Data model suggested by Tommy leads to less branched lists than the one form Christian. Accesing datasets when full HDF5 file is loaded is therefore bit more comfortable.
Get Rx from HDF5 of Tommy:
print(h5.tom$channel_1$Rx[1:5])
## [1] 0.13905687 0.66080112 -0.02937565 -0.79383851 -1.41060434
#or
print(h5.tom[[1]][[1]][1:5])
## [1] 0.13905687 0.66080112 -0.02937565 -0.79383851 -1.41060434
Get Rx from HDF5 of Christian:
print(h5.chr$channel_1$data$RX[1:5])
## [1] -45.59375 -45.90625 -44.68750 -45.90625 -45.31250
#or
print(h5.chr[[1]][[1]][[2]][1:5])
## [1] -45.59375 -45.90625 -44.68750 -45.90625 -45.31250
I do not know if it is possible to extracting subset of RX directly from Christian’s HDF5 file. I am able to only extract whole data.frame.
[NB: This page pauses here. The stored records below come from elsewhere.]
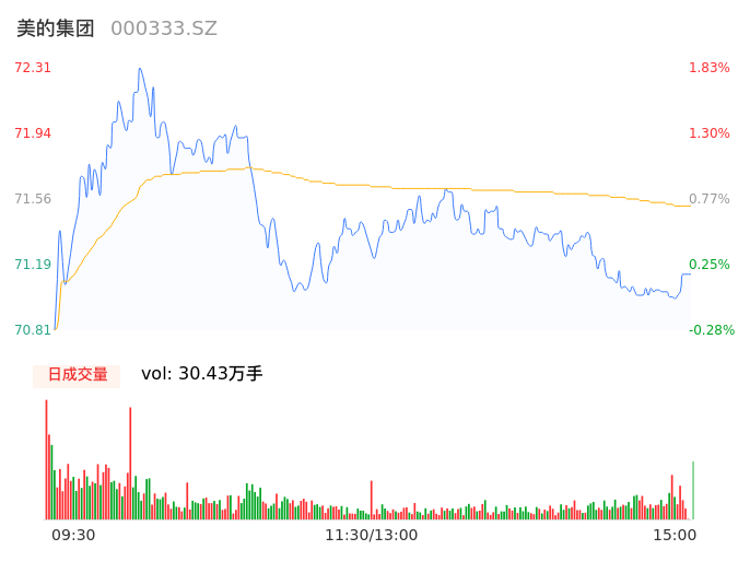 05月07日,美的集团收报71.10,股价涨幅0.13%,成交金额21.76亿元,换手率0.44%。
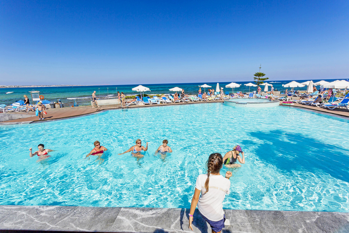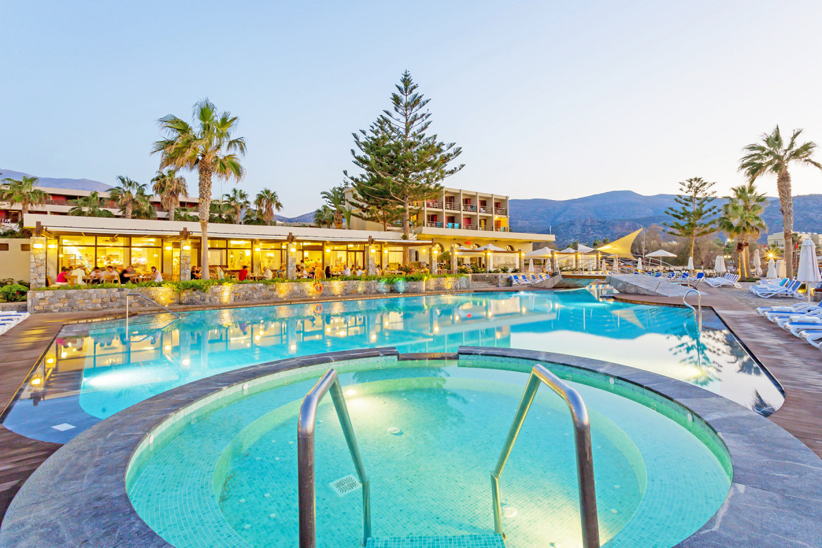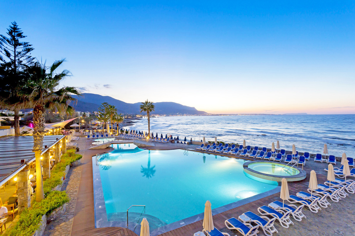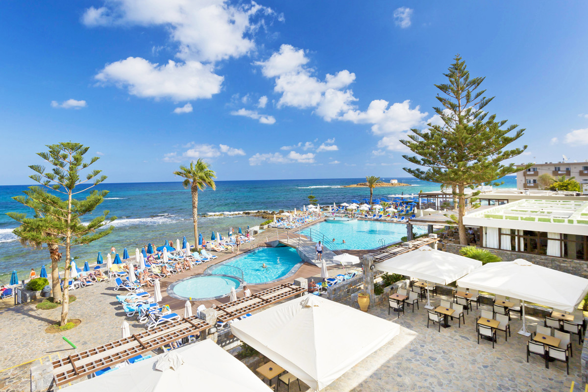 Удачное расположение, прямо на берегу, на самой оживленной улице с тавернами и магазинами Бассейн с морской водой прямо на пляже, можно лежать у моря и купаться в бассейне с теплой водой. Отличное питание как для взрослых, так и для детей. Хорошая организация питания, в любое время можно что-нибудь перекусить. Красивая территория с множеством цветов, пальм, газонов. Несколько бассейнов. Бесплатные спортивные развлечения: мини-гольф, большой и настольный теннис и др. Много лежаков, всегда есть свободные места. Хорошая детская анимация, детей из миниклуба не вытащить.
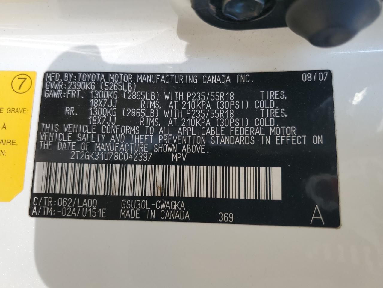 2T2GK31U78C042397Final Bid
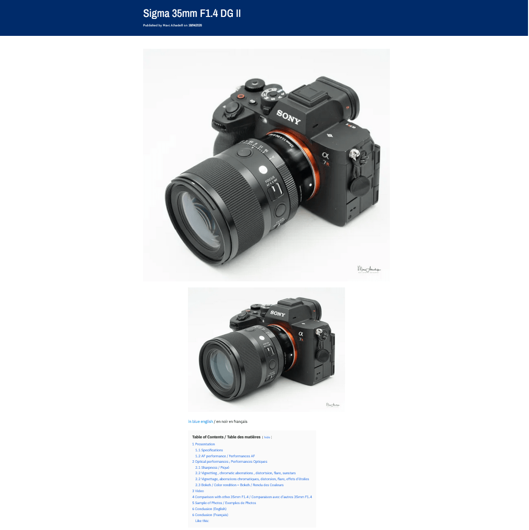 Sony Alpha Blogが「35mm F1.4 DG II」のレビューを公開。優れた解像性能と滑らかなボケを備え、ソニーGMと同等クラスの実力を低価格で実現していると評価。

dat.chr <- h5read("cml_test.h5", "cml_1/channel_1/data/")#, index=list(1:5, 2:3))#, start=c(1,1), stride=c(2,2))
str(dat.chr)
## 'data.frame': 1000 obs. of 3 variables:
## $ time_UTC: num [1:1000(1d)] 1.43e+09 1.43e+09 1.43e+09 1.43e+09 1.43e+09 ...
## $ RX : num [1:1000(1d)] -45.6 -45.9 -44.7 -45.9 -45.3 ...
## $ TX : num [1:1000(1d)] 20 20 20 20 20 20 20 20 20 20 ...
Tommy’s structure enables easy subsetting
dat.tom <- h5read("example.h5", "cml_1/channel_1/Rx/", index=list(1:5))#, index=list(1:5, 2:3))#, start=c(1,1),
print(dat.tom)
## [1] 0.13905687 0.66080112 -0.02937565 -0.79383851 -1.41060434
It would be maybe possible to save Rx and Tx in one matrix and then subsetting could be even more powerfull. We should try on big data sets how subsetting works.